No. 18, 22, 13, 25, 7, 11, 17
- Positions: Halfback, defensive back

Personal information
- Born: April 24, 1918 Salt Lake City, Utah, U.S.
- Died: February 9, 2002 (aged 83) Palm Springs, California, U.S.
- Listed height: 5 ft 11 in (1.80 m)
- Listed weight: 189 lb (86 kg)

Career information
- High school: South High School (Utah)
- College: Utah (1936-1939)
- NFL draft: 1940: undrafted

Career history
- Cleveland Rams (1940); Hollywood Bears (1942); Los Angeles Bulldogs (1943); Los Angeles Wildcats (1944); Cleveland / Los Angeles Rams (1945–1949); Chicago Cardinals (1950); San Francisco 49ers (1950);

Awards and highlights
- NFL champion (1945); Second-team All-Pro (1945);

Career NFL statistics
- Rushing yards: 1,664
- Rushing average: 4.9
- Receptions: 56
- Receiving yards: 529
- Interceptions: 13
- Total touchdowns: 24
- Stats at Pro Football Reference
- Executive profile at Pro Football Reference

= Fred Gehrke =

American football player and executive (1918–2002)

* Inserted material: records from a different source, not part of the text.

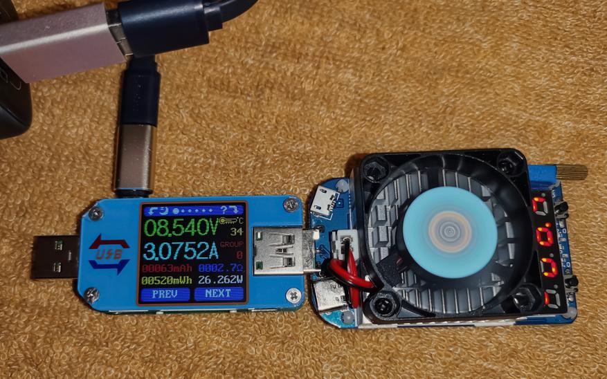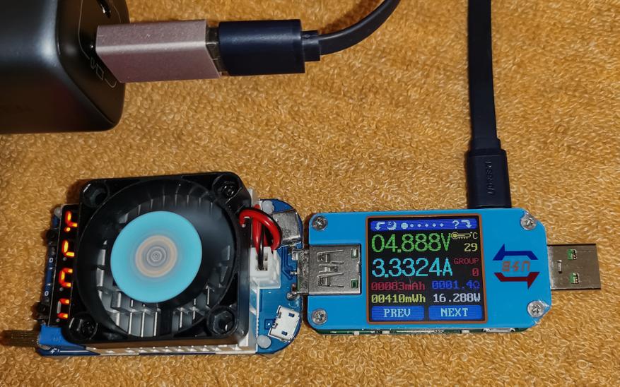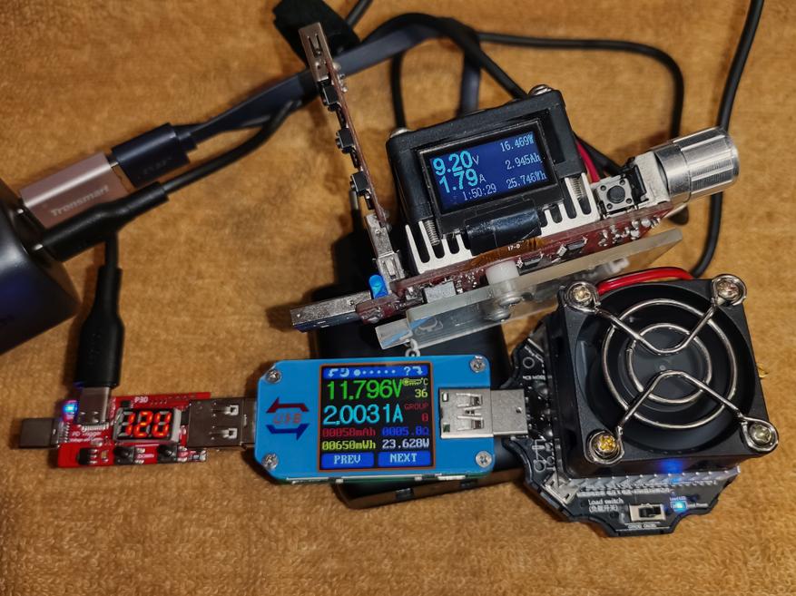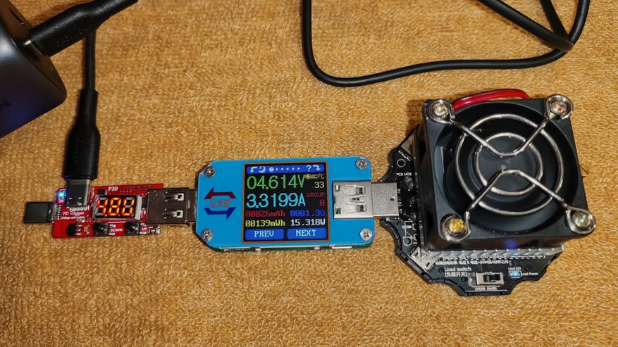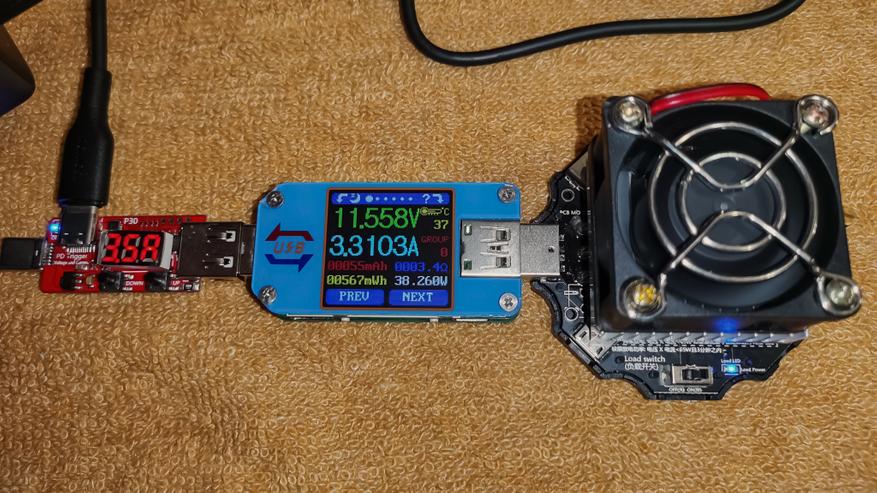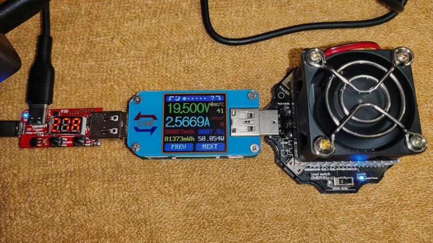 Тест ЗУ с использованием триггера быстрой зарядки Power Delivery. Триггер поочередно переключал между режимами: 5V, 8V, 12V, 15V, 20V, и повышал нагрузку до тех пор, пока не была достигнута максимальная стабильная мощность. Ниже находятся зафиксированные показатели.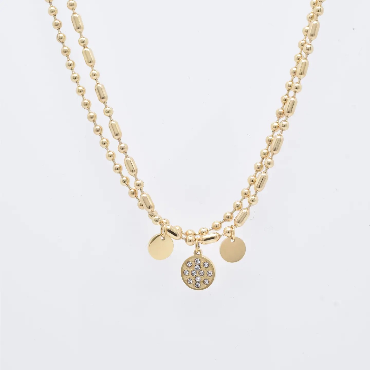 L'autre rang petites boules allongées. Au centre, une pastille avec cristaux et deux pastilles lisses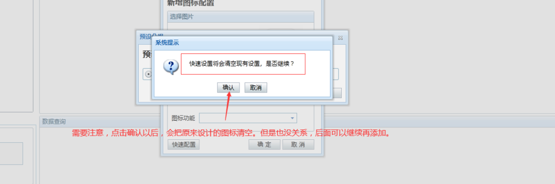 快速配置點擊確認以后,會清空原先設(shè)置的圖標。
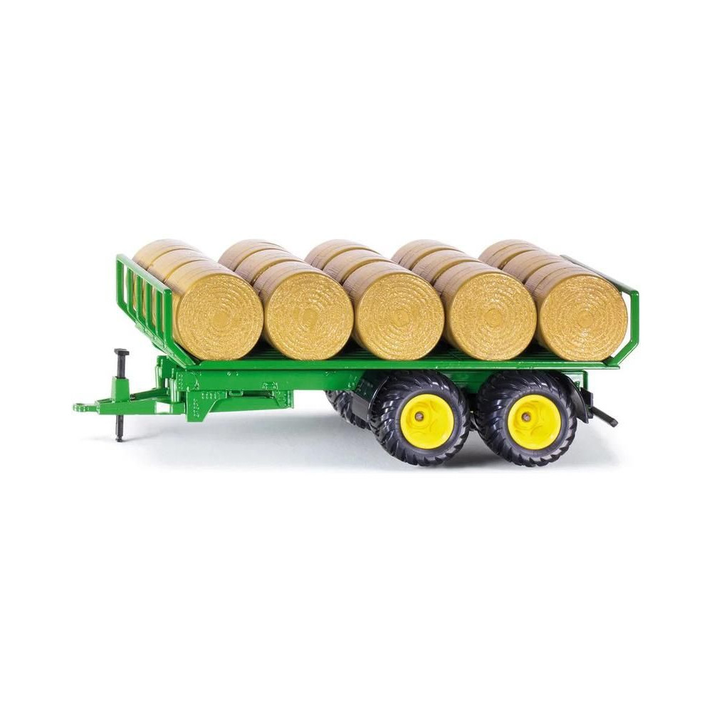 Kéttengelyes körbála-szállító pótkocsi fémmodellje 1:32 méretarányban. A falburkolat fém alvázas, a csomagok műanyagból készültek. Gumiabroncsok. Játékra és gyűjtögetésre is alkalmas. Minőségi fém- és műanyagmegmunkálás.

Clarence Fred Gehrke (/ˈgəːrki/ GUR-kee; April 24, 1918 – February 9, 2002) was an American professional football player and executive. He played in the National Football League (NFL) for the Cleveland / Los Angeles Rams, San Francisco 49ers and Chicago Cardinals from 1940 through 1950. To boost team morale, Gehrke designed and painted the Los Angeles Rams logo in 1948, which was the first painted on the helmets of an NFL team. He later served as the general manager of the Denver Broncos from 1977 through 1981. He is the great-grandfather of Milwaukee Brewers left fielder and 2018 NL MVP Christian Yelich.

==Biography==

===Early life and college===
Gehrke was born and raised in Salt Lake City. As a youth, he sneaked into Utah Utes football games. He there developed a love for the sport. He attended South High School where he participated in swimming, track and field, and football. He graduated from high school in 1935 and then attended the University of Utah, where he majored in art. At Utah, he started at running back on offense and left cornerback on defense. He also returned punts and kickoffs.

===Cleveland Rams and World War II===
Gehrke entered the National Football League as (NFL) an undrafted rookie. He landed a try-out with the Cleveland Rams in 1940. He was awarded a spot on team after he returned a kickoff for a touchdown in a pre-season exhibition game. His first contract with Cleveland paid him $135 per game. However, he did not play in many games that season because Parker Hall, the NFL's MVP in 1939, was the Rams' starting running back and his success kept Gehrke on the bench.

When the United States entered World War II in 1941, Gehrke reported for military service. However, he was denied entry in the armed forces when military examiners noticed an operation scar across Gehrke's knee; he was immediately designated with a 4F status. Gehrke appealed the decision but was still denied entry in the armed forces. However, Gehrke contributed to the war effort by landing a job with Northrop Aircraft, which was based in California, as a technical illustrator, and began helping with the design of airplanes. He was on the team that drafted and designed the P-61 Black Widow warplane.

In 1942, Gehrke joined the Hollywood Bears of the Pacific Coast Professional Football League, which at this time had a talent level considered to be on par with NFL, since many NFL players were in the military stationed on the West Coast and others were working in war industries there. The players worked their jobs during the day and then worked out and played their games at night. Gehrke played for the Los Angeles Bulldogs in 1943 and the Los Angeles Wildcats in 1944.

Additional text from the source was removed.